# GIVEN DATA:
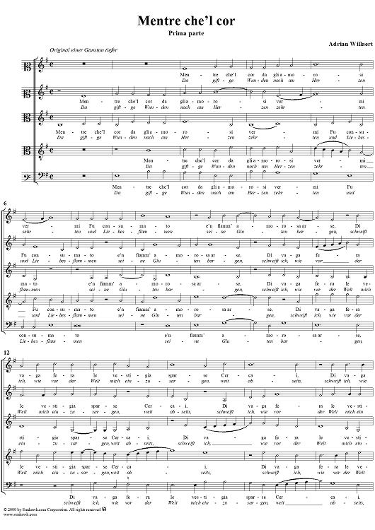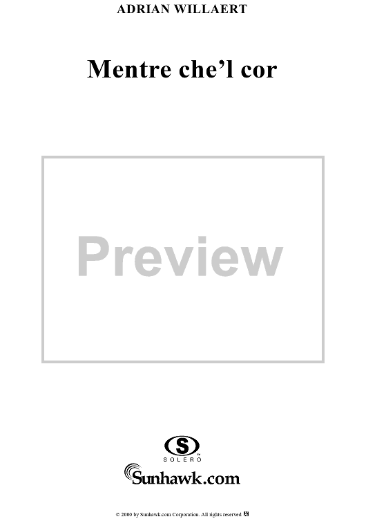 "Mentre che'l cor" Sheet Music by Adrian Willaert
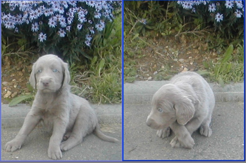 Chiot gris argent clair (lumineux). Aucune tache blanche. Vermifugé le 19.10.2006. Examiné par le DR JP ROSSATO le 24.10.2006 sans aucunes malformations ni vices cachés; les deux testicules en ordre. Vacciné en ordre. Un chiot très très indépendant, toujours prêt à découvrir son environnement. Le 12.11.06 Arko est élu Vice-Champion du Monde en Classe Travail à Poznan en Pologne et la mère VICKY vient de remporter son CHCS titre de Championne de FRANCE. Propriétaire: Pascal ROUDAUT Dépt (95), chasseur.
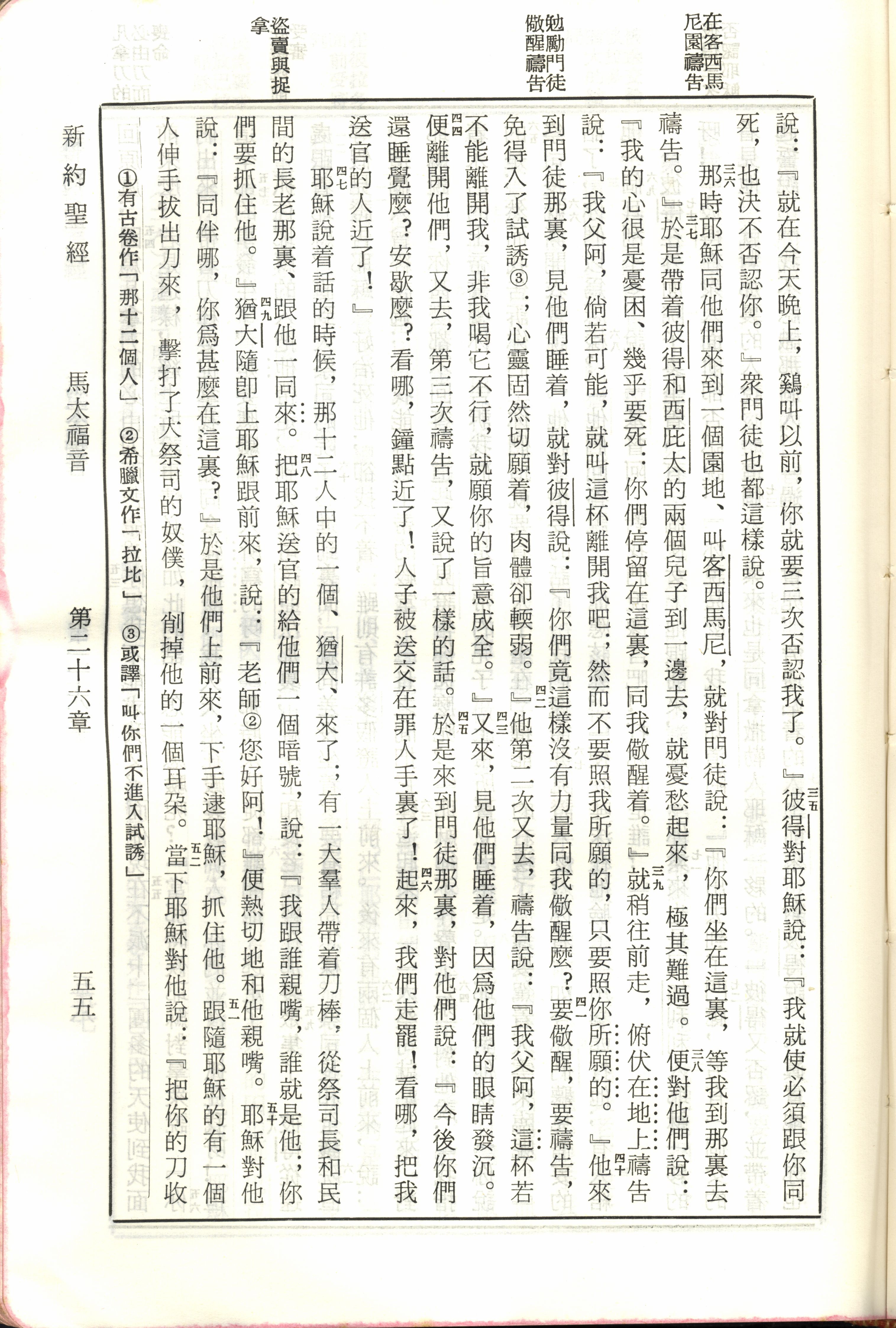 1970年新舊約全書(呂振中譯本) 馬太福音 26 章 35 節到 26 章 52 節
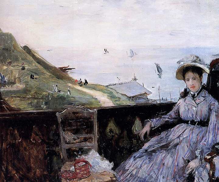 Берта Моризо — французская художница, входившая в группу импрессионистов. Она происходила из обеспеченной семьи, состоявшей в родстве со знаменитым художником эпохи рококо Ж. О. Фрагонаром. В юности, увлекшись вместе с сестрой живописью, Моризо брала уроки у Камиля Коро. В 1864 она впервые выставила два своих пейзажа на парижском Салоне. Ее работы отбирались для участия в шести Салонах подряд. Между тем среди друзей художницы были мастера, чьи работы не принимались к экспонированию (К. Моне, К. Писсарро, О. Ренуар, А. Сислей). В творчестве Моризо очень заметно их влияние. Когда в 1874 «непризнанные» решили провести свою выставку в галерее Нодара на бульваре Капуцинок, художница примкнула к друзьям, дав свои полотна. На картине изображена молодая женщина, сидящая в кресле на террасе, выходящей на морское побережье. Она одета в светлое прогулочное платье, перехваченное на талии черным поясом. На голове модная шляпка, без которой была немыслима светская женщина в конце XIX века. Фоном сидящей является сероголубое море с несколькими яхтами, переходящее в такого же цвета небо. Картина «На террасе» — типичный импрессионистический пейзаж, где персонаж становится частью среды, передающей воздух и свет.
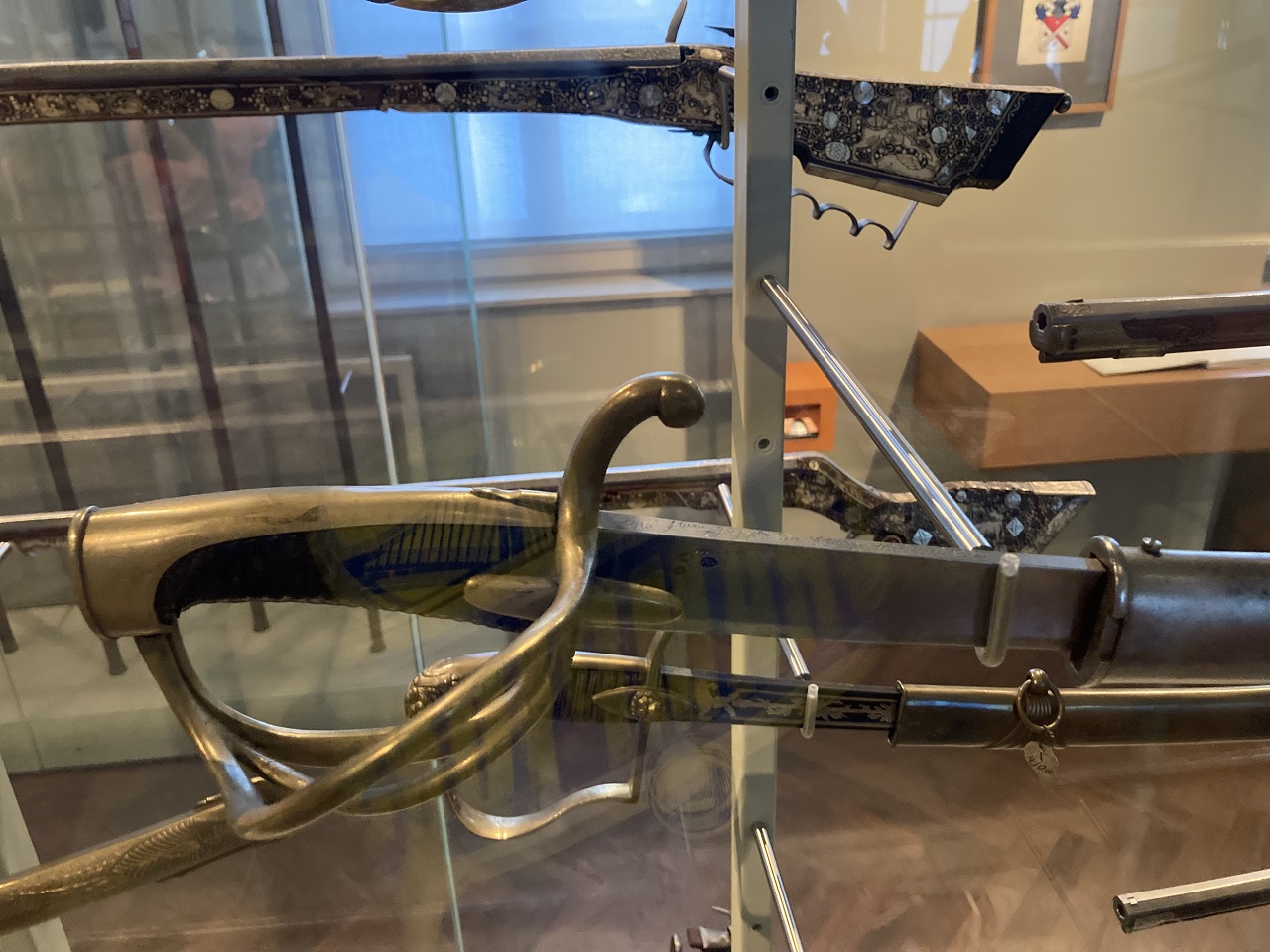 The swords from this period feature a saber inscribed with the biographies of all the Bavarian princes and electors. There are quite a few early firearms as well.
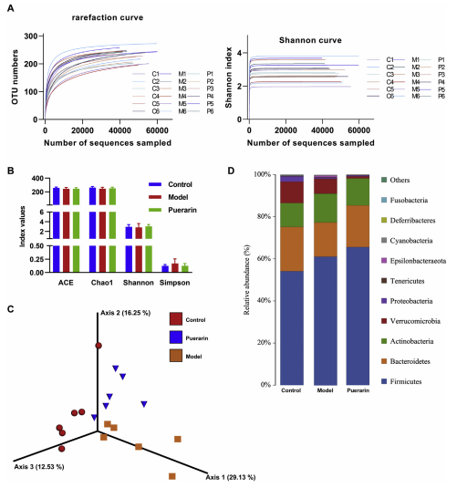 廣州中醫藥大學(xué)藥學(xué)院、 廣東藥科大學(xué)中醫學(xué)院、中山大學(xué)附屬第六醫院聯(lián)合在Journal of Pharmaceutical and Biomedical Analysis雜志發(fā)表以“Therapeutic potential of puerarin against methionine-choline-defificient diet-induced non-alcoholic steatohepatitis determined by combination of 1H NMR spectroscopy-based metabonomics and 16S rRNA gene sequencing”為題的文章,揭示葛根素對非酒精性脂肪性肝炎的治療方向的相關(guān)研發(fā)現,從而為非酒精性脂肪性肝病的治療提出新的見(jiàn)解理論基礎。其中微生物多樣性檢測由百邁客協(xié)助完成。
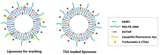 Schematic illustration of liposome for tracking and TSA-loaded liposome. Two liposome particles were synthesized. (Left) The liposome was synthesized for the purpose of tracking the location of the drug when it was administered to the vitreous cavity. (Right) The liposome was loaded with TSA and synthesized for the purpose of treatment. DMPC = 1,2-dimyristoyl-sn-glycero-3-phosphocholine; PEG 2000-PE = 1,2-distearoyl-sn-glycero-3-phosphoethanolamine-N-[methoxy(polyethylene glycol)-2000]; DOTAP = 1,2-dioleoyl-3-trimethylammonium propane.
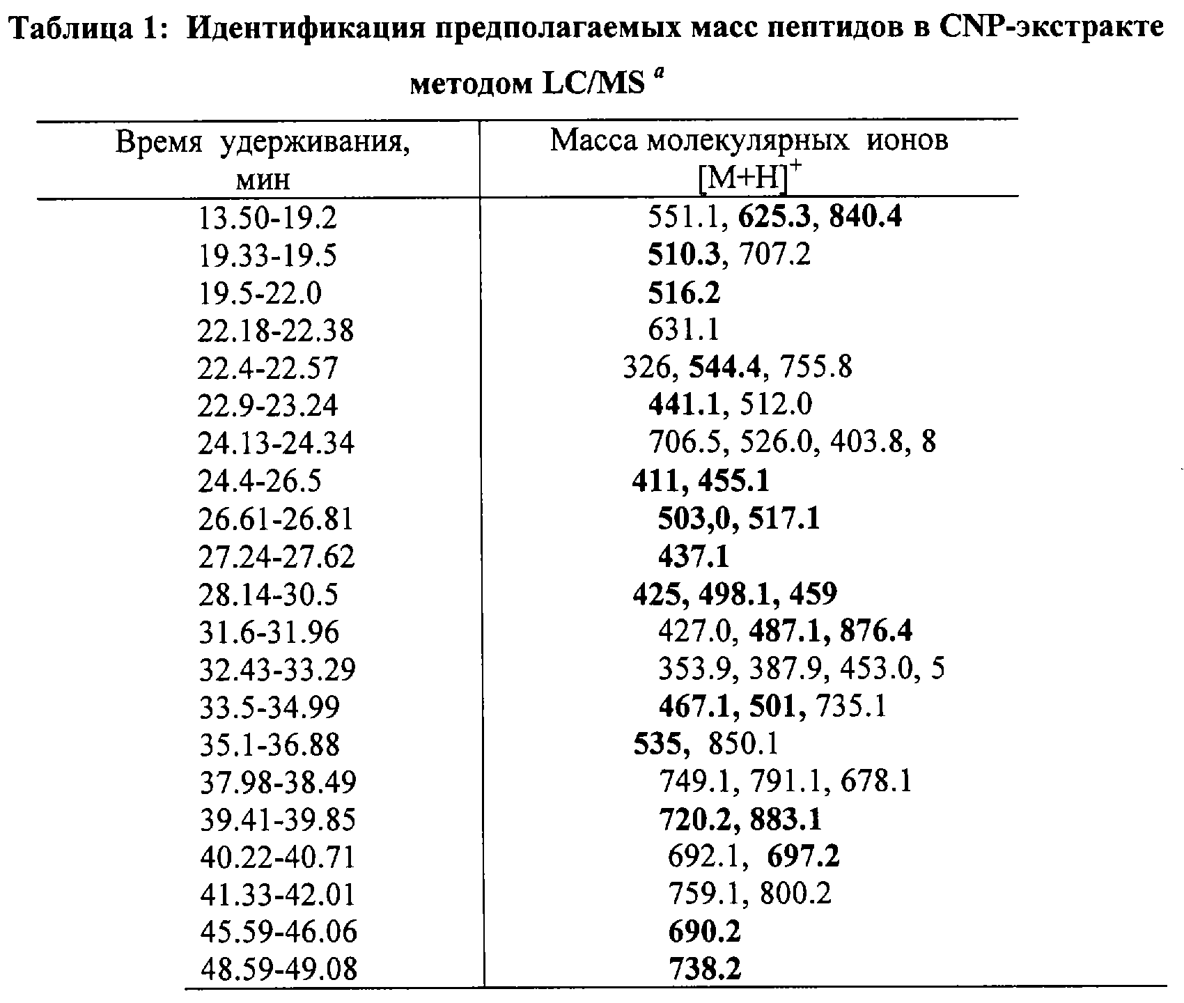 Анализ экстракта какао-порошка из ядер какао-бобов (CNP) масс-спектрометрией с ионизацией электрораспылением (ESI) в комбинации с обращенно-фазной жидкостной хроматографией высокого разрешения (RP-HPLC) в режиме хроматографии с использованием системы растворителей трифторуксусной кислоты/ацетонитрила (TFA/ACN) позволил обнаружить только небольшое количество масс из-за относительно малого избытка большинства ионов (1-6×104). Это, по-видимому, можно объяснить слабой ионизацией «голых» свободных аминокислот и короткоцепочечных пептидов. Предколоночная дериватизация с FMOC с последующим LC/MS анализом CNP-экстракта позволила обнаружить большое количество пиков (фиг.1). Были составлены подробный перечень присутствующих общих моноизотопных ионов, а на основе известных значений времени удерживания и массы молекулярных ионов аминокислот – перечень масс потенциальных пептидов (таблица 1). Все неизвестные массы за исключением массы 222 (доля FMOC) показали положительное парное соответствие до 5 остатков синтетическим пептидам из базы данных.
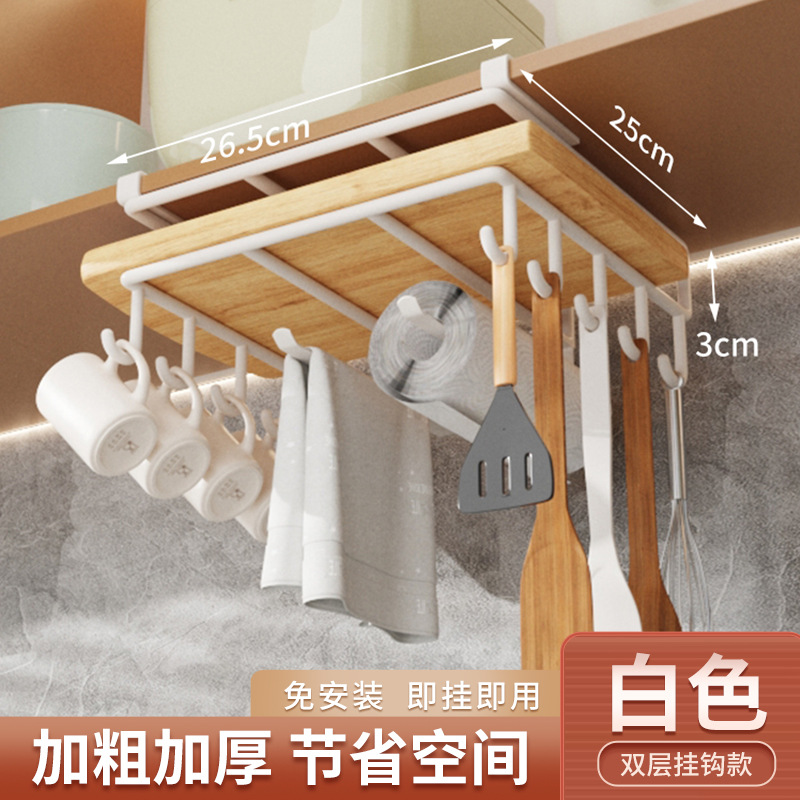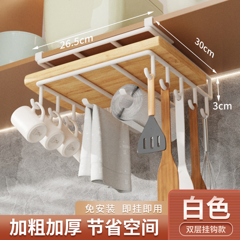 • [심플화이트] 특대형 2단 [도마걸이 + 종이타월 플라스틱랩걸이 + 양면후크]

# PROBLEM DESCRIPTION:
Start at the first line of the records and write out everything up to and including the line containing "Берта Моризо —". No pictures.

# TASK ANSWER:
 "Mentre che'l cor" Sheet Music by Adrian Willaert
 Chiot gris argent clair (lumineux). Aucune tache blanche. Vermifugé le 19.10.2006. Examiné par le DR JP ROSSATO le 24.10.2006 sans aucunes malformations ni vices cachés; les deux testicules en ordre. Vacciné en ordre. Un chiot très très indépendant, toujours prêt à découvrir son environnement. Le 12.11.06 Arko est élu Vice-Champion du Monde en Classe Travail à Poznan en Pologne et la mère VICKY vient de remporter son CHCS titre de Championne de FRANCE. Propriétaire: Pascal ROUDAUT Dépt (95), chasseur.
 1970年新舊約全書(呂振中譯本) 馬太福音 26 章 35 節到 26 章 52 節
 Берта Моризо — французская художница, входившая в группу импрессионистов. Она происходила из обеспеченной семьи, состоявшей в родстве со знаменитым художником эпохи рококо Ж. О. Фрагонаром. В юности, увлекшись вместе с сестрой живописью, Моризо брала уроки у Камиля Коро. В 1864 она впервые выставила два своих пейзажа на парижском Салоне. Ее работы отбирались для участия в шести Салонах подряд. Между тем среди друзей художницы были мастера, чьи работы не принимались к экспонированию (К. Моне, К. Писсарро, О. Ренуар, А. Сислей). В творчестве Моризо очень заметно их влияние. Когда в 1874 «непризнанные» решили провести свою выставку в галерее Нодара на бульваре Капуцинок, художница примкнула к друзьям, дав свои полотна. На картине изображена молодая женщина, сидящая в кресле на террасе, выходящей на морское побережье. Она одета в светлое прогулочное платье, перехваченное на талии черным поясом. На голове модная шляпка, без которой была немыслима светская женщина в конце XIX века. Фоном сидящей является сероголубое море с несколькими яхтами, переходящее в такого же цвета небо. Картина «На террасе» — типичный импрессионистический пейзаж, где персонаж становится частью среды, передающей воздух и свет.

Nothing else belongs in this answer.